- Directed by: Zeb Ejiro
- Produced by: Zeb Ejiro
- Production company: Zeb Ejiro Productions
- Release date: 1998;
- Running time: 107 minutes
- Country: Nigeria
- Language: English

= Sakobi =

Sakobi is a 1998 Nigerian fantasy horror film directed and produced by Zeb Ejiro. The film stars Saint Obi and Susan Patrick, alongside Tony Umez, Edith Ujay, Sunday Omobolanle, Patience Oghre, Basorge Tariah Jr., and Zik Zulu Okafor. In the film, a snake girl entices a man named Frank Davies into using his daughter for a ritual.

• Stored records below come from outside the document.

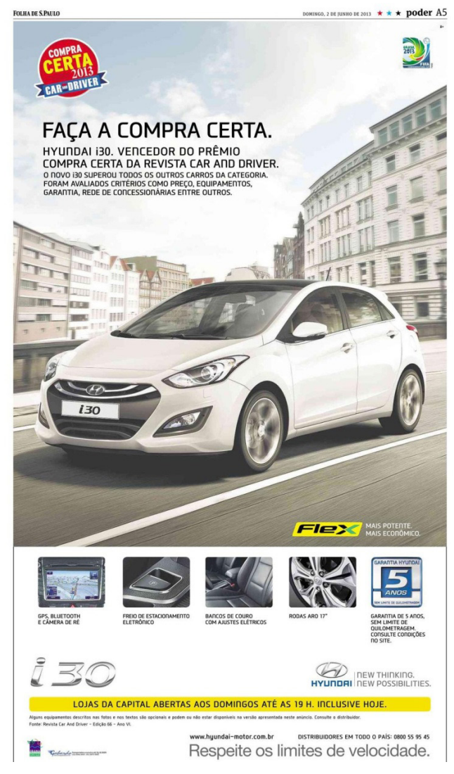
Figure 1 – Image from Folha de São Paulo newspaper, Political Section, June 02 2013.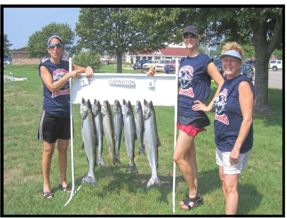
4th Place - "Bad Dog"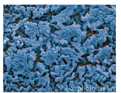
Fig. 4. Coloured scanning electron micrograph (SEM) of Bacillus subtilis bacteria at magnification ×12000. [5]

In 2007, three papers have been published reporting the use of blue aggregated mixtures of drugs and NPs, rather than of stable red conjugates [71-73]. Such a color change and transmission electron microscopy (TEM) images unambiguously indicated NP aggregation. The drugs used were aminoglycoside antibiotics (streptomycin, gentamicin, kanamycin, and neomycin), quinolones (ciprofloxacin, gatifloxacin, and norfloxacin), ampicillin (a penicillin antibiotic), and 5-fluorouracil (an antimetabolite of nucleic metabolism). The preparations were tested for antibacterial activity toward gram-positive (Bacillus subtilis, Staphylococcus aureus, Micrococcus luteus) and gram-negative (E. coli, Pseudomonas aeruginosa) microorganisms and they also were examined for antifungal activity toward Aspergillus fumigatus and Aspergillus niger (Fig. 4, 5). The basic experimental tests for the determination of antibacterial activity were the disk diffusion method and the agar diffusion method. Depending on the antibiotic used, increase in the activity of the antibiotic-colloidal-silver mixture ranged from 12 to 40%, as compared with the activities of the native drugs. So, the antibacterial activities of the antibiotics were enhanced through the use of silver NPs.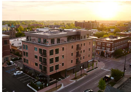
The River Place 212 S River Ave, Holland, MI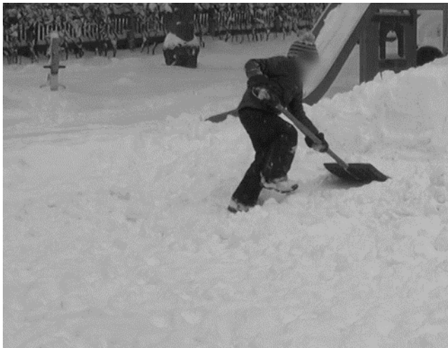
FIGURE 7 Shoveling snow

yard. The findings of this study may suggest that such an environment with snow piles and the availability of equipment, such as shovels (Figure 1 e.) and bumps, suitable for snow activities may physically activate a child in winter (Figure 7). For example, shovelling has been shown to be an activity that more than quadruples children's physical energy expenditure compared to their resting level (Butte et al., 2018). Previous Norwegian studies have shown that moving in the snow can have additional benefits. Bjørgen's (2015) study in one ECE unit indicated that during outdoor play, children's well-being, involvement and intensity of physical activity were at their highest during snow activity situations. Another longitudinal Norwegian study showed that versatile physical activity in the wintery forest had beneficial effects on children's physical and motor performance (Fjørtoft, 2001).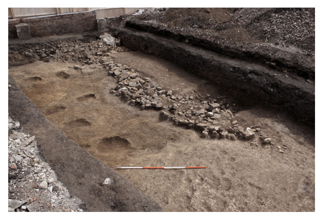
FIG. 9. Turret 3a showing berm obstacle pits to the north.

only to expose the remains of Hadrian's Wall with excavation limited to any berm obstacle pits and the northern ditch. Any remains relating to Hadrian's Wall itself were to remain in situ with the development designed to avoid these archaeologically sensitive areas.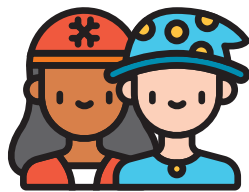
Dressing up and imaginative play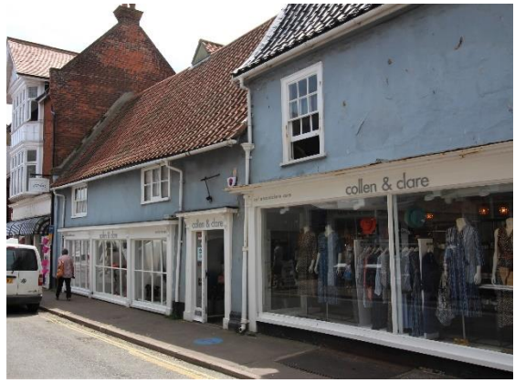
No.25 Market Place (East Street façade)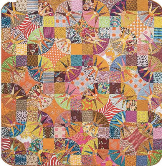
Bright Lights, Big City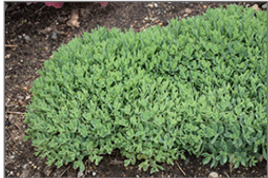
Rock 'N Round Pure Joy Stonecrop

Rock 'N Round Pure Joy Stonecrop will grow to be about 10 inches tall at maturity, with a spread of 15 inches. When grown in masses or used as a bedding plant, individual plants should be spaced approximately 12 inches apart. Its foliage tends to remain low and dense right to the ground. It grows at a fast rate, and under ideal conditions can be expected to live for approximately 15 years. As an herbaceous perennial, this plant will usually die back to the crown each winter, and will regrow from the base each spring. Be careful not to disturb the crown in late winter when it may not be readily seen!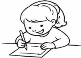
Trying something hard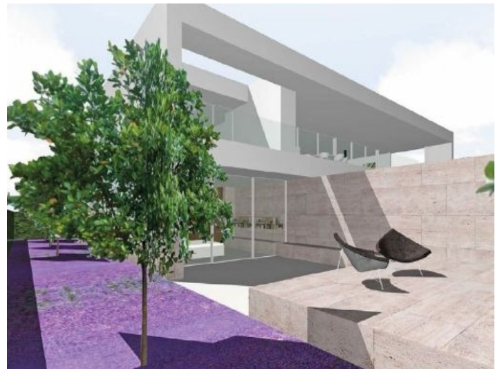
Alternative view of the project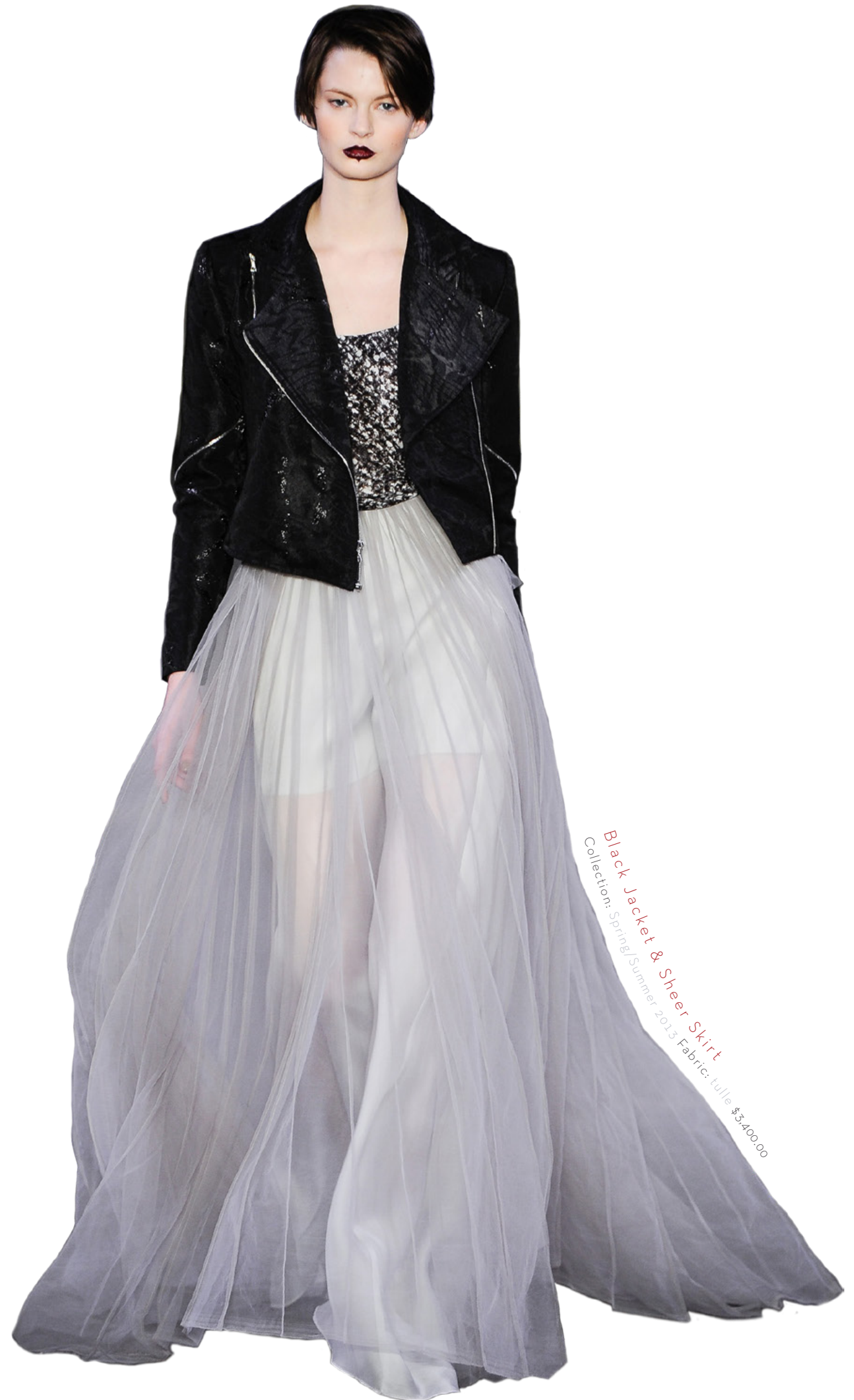
Black Jacket & Sheer Skirt Collection: Spring/Summer 2013 Fabric: tulle $3,400.00

Accessories included fur stoles, chain handle shoulder bags, and fuchsia croco, gold glitter, black pony hair, and gold lorix. Footware consisted of an assortment of metallic heeled Christian Siriano for Payless Pumps and ankle boots with shiny hardware, and wedges with sculptural platform soles

He faces the consequences of his actions alongside his wife.

== Plot ==
A young man named Frank Davies is introduced to Sakobi by his friend Patrick due to Frank's desperation for wealth. Sakobi, who belongs to the cult of Kongodis and worships the goddess known as the Mighty Serpent, instructs Frank to sacrifice his only daughter, Hope, for rituals. Another condition set by Sakobi is that Frank must marry her, which leads Frank to abandon his family. In the end, the goddess rejects the sacrifice of Hope and curses Frank with a short life. When Frank attempts to appease the gods through a native doctor, Sakobi, the snake girl, swallows him after the native doctor vanishes.

== Cast ==
- Saint Obi as Frank Davies
- Susan Patrick as Sakobi
- Princess Akor as Sakobi's mother
- Emmanuel Frank as Sakobi's father
- Dusty Edet as Native Doctor
- Patience Oghre as Nene
- Gloria Ogunjiofor as Dora Davies
- Domitilla Oleka as Mighty Serpent
- Tony Umez as Patrick
- Mimi Ejiro as Hope Davies
The film was released on August 5 1998

The film also featured Edith Ujay, Sunday Omobolanle, Zik Zulu Okafor and Basorge Tariah Jr. in supporting roles.